Background:
In response to significant VAT fraud across the EU, including a €93 billion loss in 2020, the European Commission proposed the “VAT in Digital Age” (ViDA) initiative to modernize VAT systems through digitalization. Germany is implementing mandatory e-invoicing for domestic B2B transactions starting January 1, 2025, in line with this effort to improve compliance and transparency.
What is E-Invoicing?
E-invoicing refers to invoices issued, transmitted, and received in a structured electronic format. Germany’s new law requires compliance with the EU-standard CEN 16931. Paper and PDF invoices will be phased out, with structured formats becoming mandatory for B2B transactions between businesses established in Germany. This shift eliminates the need for consent to issue e-invoices, which will streamline the invoicing process. However, businesses must ensure their ERP systems can handle these formats.
Who Must Comply?
The regulation applies to entities established in Germany that issue invoices for domestic B2B transactions subject to VAT. This includes both legal persons and fixed establishments involved in sales. Companies registered for VAT in Germany but without an establishment in the country are exempt from the e-invoicing requirement.

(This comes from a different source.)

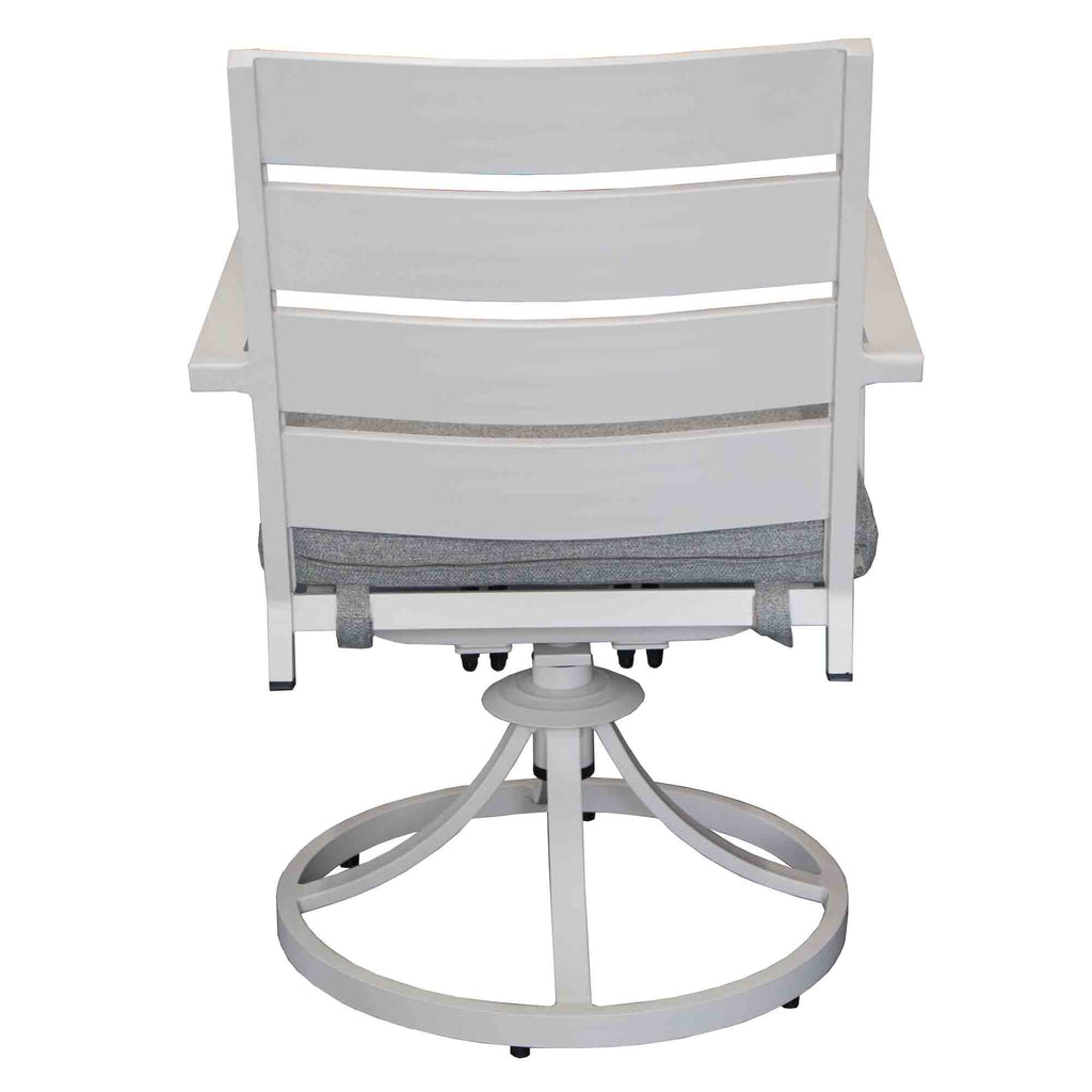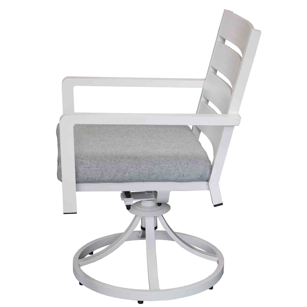 Discover our new Como swivel outdoor armchair in elegant white powdercoated aluminium finish. Designed for durability and lightweight convenience, it's weather-resistant and features a cozy cushion. Its stackable design makes it a practical and stylish choice for outdoor living.

Transitional Provisions and Exceptions
A phased approach will gradually introduce e-invoicing:
Sanctions for Non-Compliance
Failing to comply with the new e-invoicing requirements can result in fines and the denial of input tax deductions. Each improperly issued invoice may result in fines up to EUR 5,000, and businesses may face penalties in the central trade register.
Preparing for E-Invoicing
To ensure compliance by January 2025, businesses should assess their systems for processing e-invoices and adopt the necessary IT solutions. Early action is critical to avoid disruptions, penalties, and input tax deduction denials. This preparation includes analyzing business transactions, aligning ERP systems with CEN 16931 standards, and ensuring the capacity to both issue and receive structured invoices.
By making these changes, businesses will not only comply with the new laws but also improve operational efficiency and safeguard against fraud.
Conclusion
Germany’s transition to mandatory e-invoicing reflects broader EU efforts to digitize VAT processes and reduce fraud. Businesses must take proactive steps to prepare for the upcoming changes, ensuring compliance by 2025 and full adaptation by 2028.